On CPU Physics and CPU Cycles
6 days ago
- #memory management
- #CPU architecture
- #performance optimization
- Efficiency in programming promotes deeper problem understanding.
- Electrical signal speed decreases with physical distance due to parasitic capacitances.
- CPU cores have pipelined architectures with superscalar ALUs, enabling operations like addition in 1 cycle, multiplication in 3-6 cycles, and division up to 20 cycles.
- L1 cache is split into L1 Data (L1D) and L1 Instruction (L1I) caches, with L1D reads taking about 3 cycles.
- Branch mispredictions incur significant penalties (15-25 cycles), and modern CPUs use dynamic branch prediction to mitigate this.
- [[likely]]/[[unlikely]] attributes can affect branch prediction but are less effective due to dynamic prediction and developer misestimations.

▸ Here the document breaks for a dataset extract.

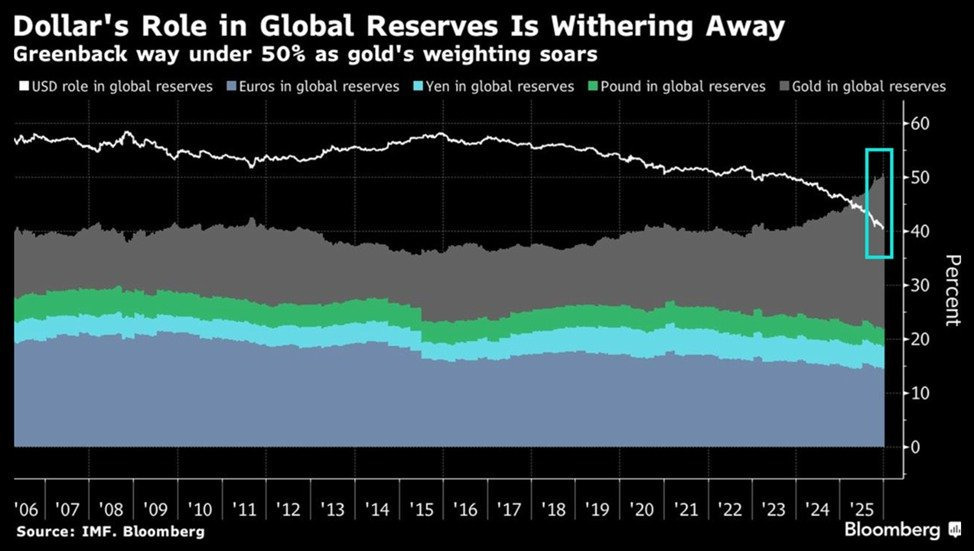 Доля доллара в мировых валютных резервах составляет около 40% — самый низкий показатель за последние 20 лет.

- TLBs (Translation Lookaside Buffers) handle virtual-to-physical address translations and are critical for performance, though often not problematic for application-level code.
- Memory access latencies increase with distance from the CPU: L2 cache at 10-15 cycles, L3 at 30-70 cycles, main RAM at 200-300 cycles, and persistent storage (e.g., NVMe SSD) at tens of thousands to millions of cycles.
- C++ memory storage types include stack (fast, cached), static variables (cached reasonably), heap (uncached unless linear access), and thread-local storage.
- Network latencies vary widely, from LAN (100,000-500,000 cycles) to global distances (up to hundreds of millions of cycles), with worst-case scenarios potentially infinite.